A kinematic and electromyographic study by Simon et al showed lower peak muscle activity in vastus medialis on downhill walking in bicruciate TKA patients compared to ACL sacrificed ‘standard’ TKAs. Similarly the bicruciate group had better peak knee flexion at heel strike.
Thus there is a sound basis to believe that there exists the potential for excellent longevity and possibly for better functionality with bicruciate TKA designs.
References:
Total knee replacement with retention of both cruciate ligaments: a 22-year follow-up study.

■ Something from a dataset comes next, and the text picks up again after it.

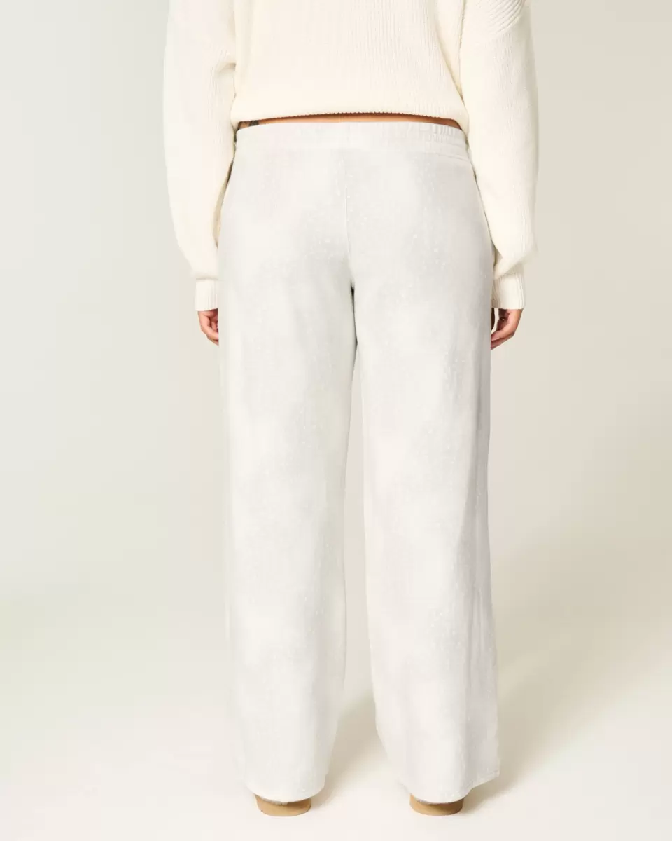 Super soft fleece sweatpants designed with a baggy leg and banded waist. Pockets, all-over doe print. Imported.

Sabouret P, Lavoie F, Cloutier JM.
Bone Joint J. 2013 Jul;95-B(7):917-22. doi: 10.1302/0301-620X.95B7.30904.
PMID: 23814243
Knee Surg Sports Traumatol Arthrosc. 2019 Aug 3. doi: 10.1007/s00167-019-05639-4. [Epub ahead of print]
Knee joint laxity is restored in a bi-cruciate retaining TKA-design.
Arnout N, Victor J, Vermue H, Pringels L, Bellemans J, Verstraete MA
J Arthroplasty. 2018 Sep;33(9):2884-2889. doi: 10.1016/j.arth.2018.05.010. Epub 2018 May 8.
Level and Downhill Walking to Assess Implant Functionality in Bicruciate- and Posterior Cruciate-Retaining Total Knee Arthroplasty.
Simon JC, Della Valle CJ, Wimmer MA.